**Task statement**:
Could you retype every line below exactly, omitting the images?

====== Given information

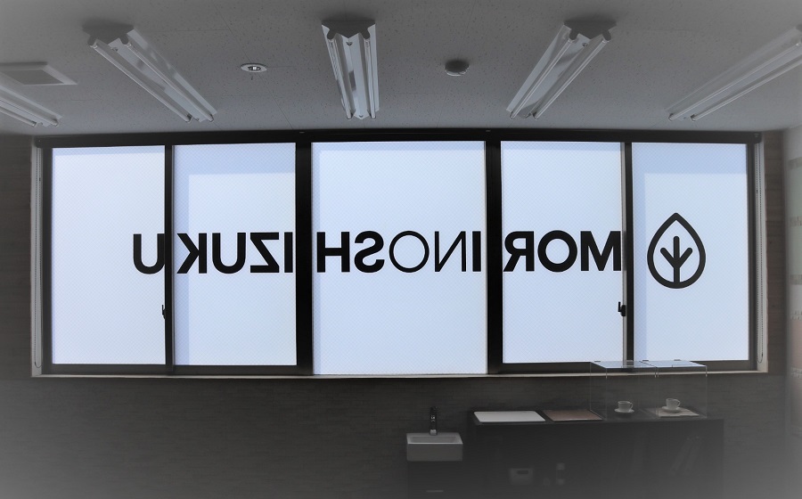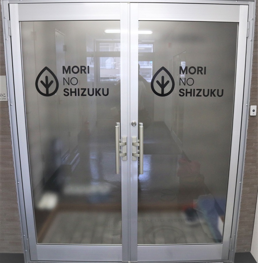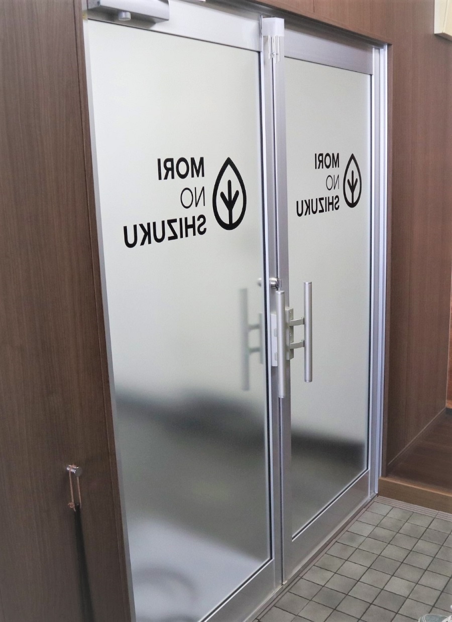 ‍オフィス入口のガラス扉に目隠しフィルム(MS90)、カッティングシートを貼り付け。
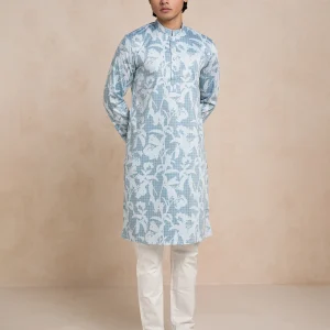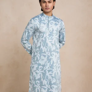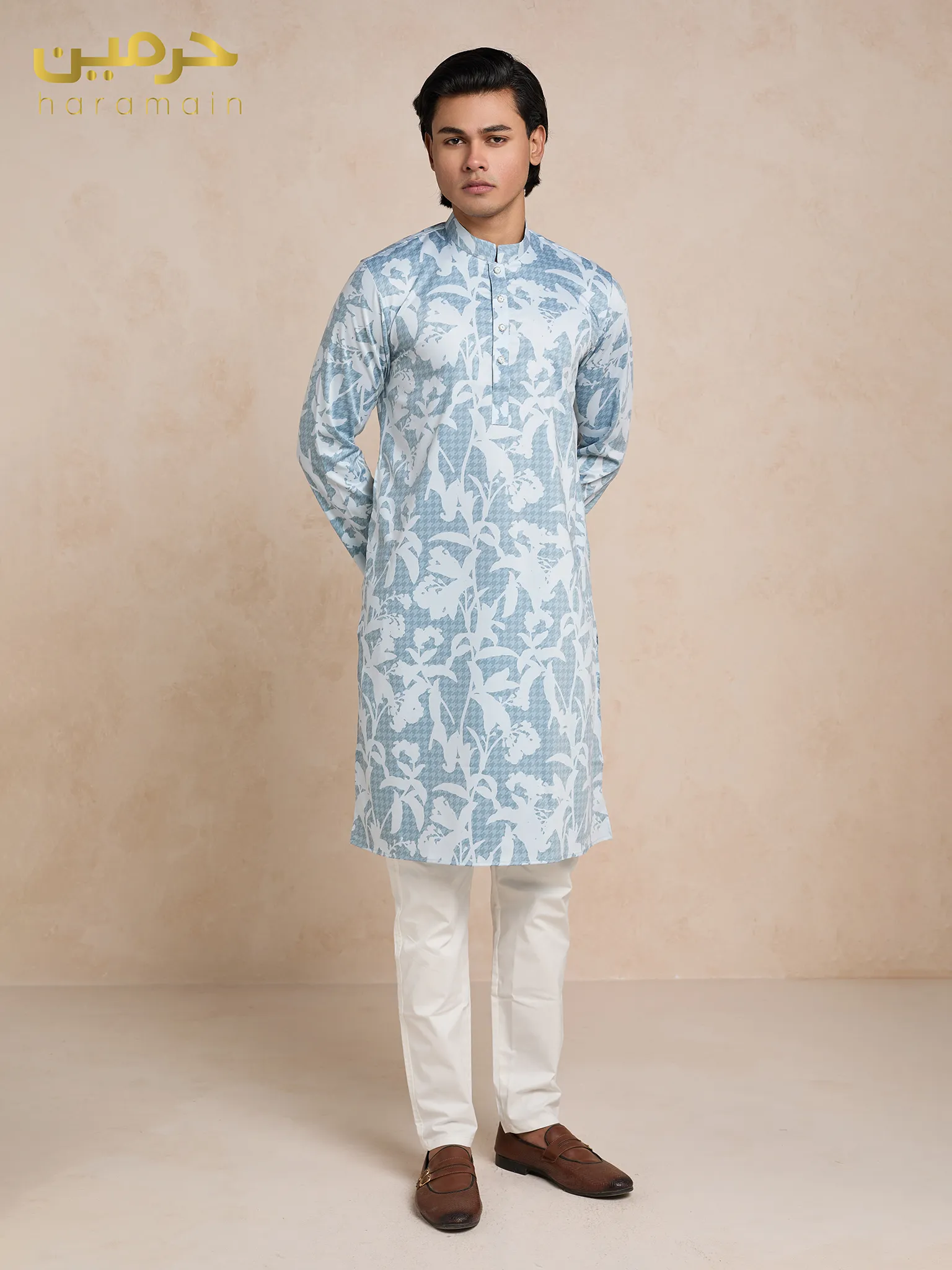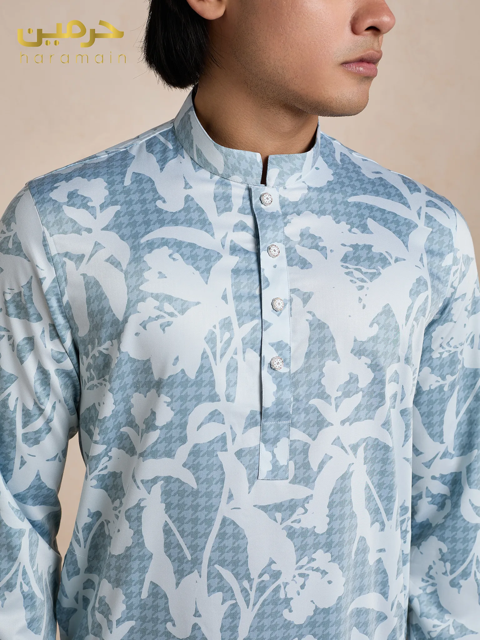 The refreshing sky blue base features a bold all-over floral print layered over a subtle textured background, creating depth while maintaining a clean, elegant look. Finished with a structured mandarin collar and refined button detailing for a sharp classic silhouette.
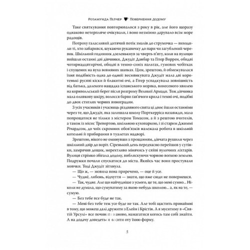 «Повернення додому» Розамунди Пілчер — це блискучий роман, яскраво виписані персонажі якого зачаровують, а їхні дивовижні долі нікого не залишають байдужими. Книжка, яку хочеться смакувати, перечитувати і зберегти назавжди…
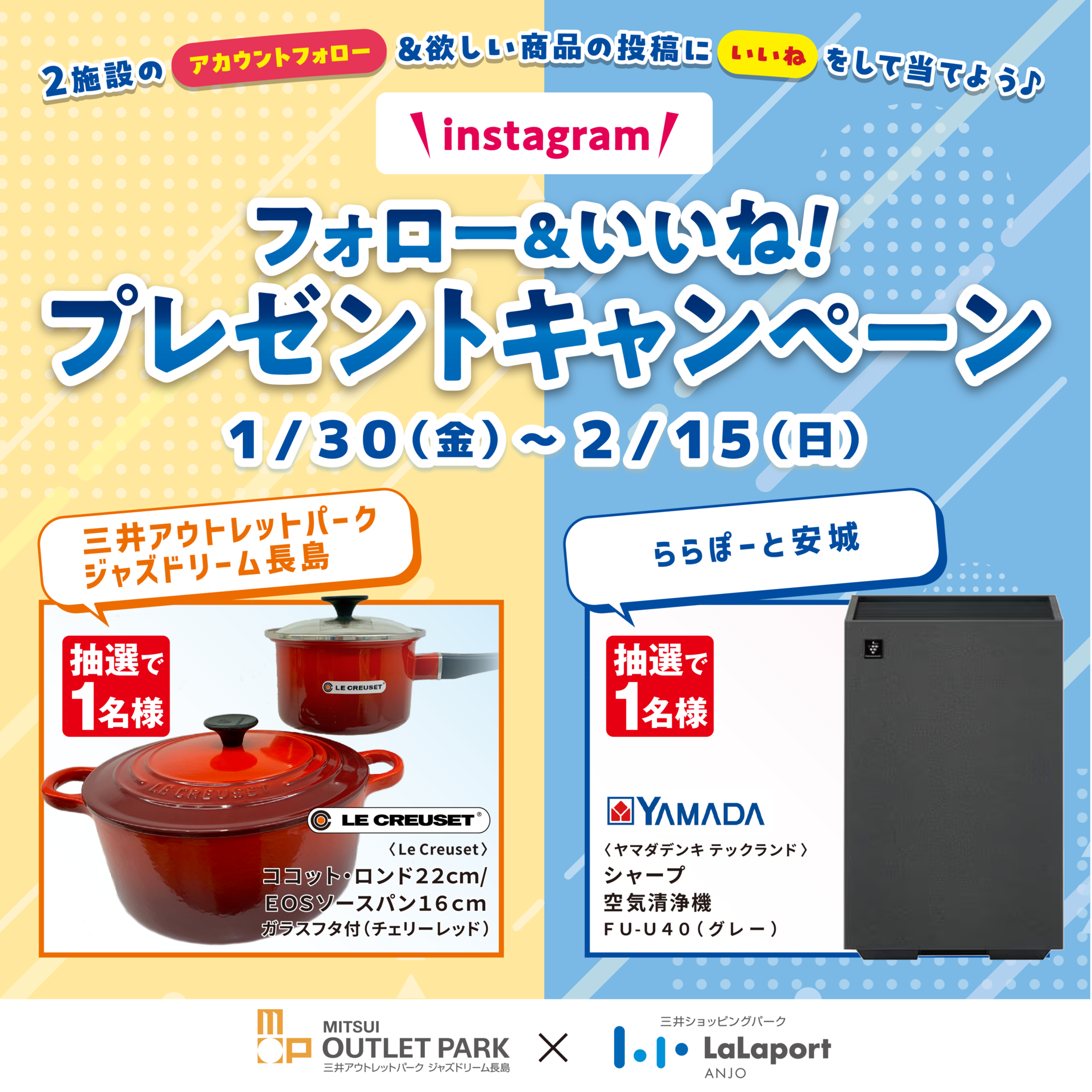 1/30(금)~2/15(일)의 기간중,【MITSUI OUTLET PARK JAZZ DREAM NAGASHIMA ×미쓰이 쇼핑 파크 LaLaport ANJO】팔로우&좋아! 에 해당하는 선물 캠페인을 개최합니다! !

============

**Solution to this task**:
 ‍オフィス入口のガラス扉に目隠しフィルム(MS90)、カッティングシートを貼り付け。
 The refreshing sky blue base features a bold all-over floral print layered over a subtle textured background, creating depth while maintaining a clean, elegant look. Finished with a structured mandarin collar and refined button detailing for a sharp classic silhouette.
 «Повернення додому» Розамунди Пілчер — це блискучий роман, яскраво виписані персонажі якого зачаровують, а їхні дивовижні долі нікого не залишають байдужими. Книжка, яку хочеться смакувати, перечитувати і зберегти назавжди…
 1/30(금)~2/15(일)의 기간중,【MITSUI OUTLET PARK JAZZ DREAM NAGASHIMA ×미쓰이 쇼핑 파크 LaLaport ANJO】팔로우&좋아! 에 해당하는 선물 캠페인을 개최합니다! !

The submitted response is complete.